Upon the filing of the mandate in that court, the judge of the District Court being disqualified, District Judge Trieber, of the District Court of Arkansas, was assigned to sit in the cause. Disagreement between the parties having arisen as to what plan of reorganization should be adopted to carry out the mandate of this court, and the court below having expressed its intention to adopt by a final decree a plan to which the Government did not assent, objection was made by the United States to proceeding further, upon the ground thus stated by the court below in its opinion

“ . . . as a certificate under the Expedition Act was filed when the action was originally instituted, the decree on the mandate could not be entered by a single judge, but only by at least three circuit judges, in conformity with the Expedition Act above referred to.”

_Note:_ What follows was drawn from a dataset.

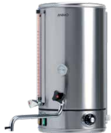
+ WKI - series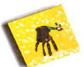
ART CANVAS From - £35

The suggestion having been overruled by a formal order and fruitless effort having been made to induce action *422 by the senior circuit judge who was also the senior circuit judge who had participated in the original decision of the cause, the interposition of this court by the proceeding before us was invoked. The judge below evidently only desirous of being informed as to his duty, after leave to file the application for prohibition was here granted, has submitted the issue on the opinion of the court below and upon printed argument for both parties, as if on a return to a rule to show cause why the writ should not issue.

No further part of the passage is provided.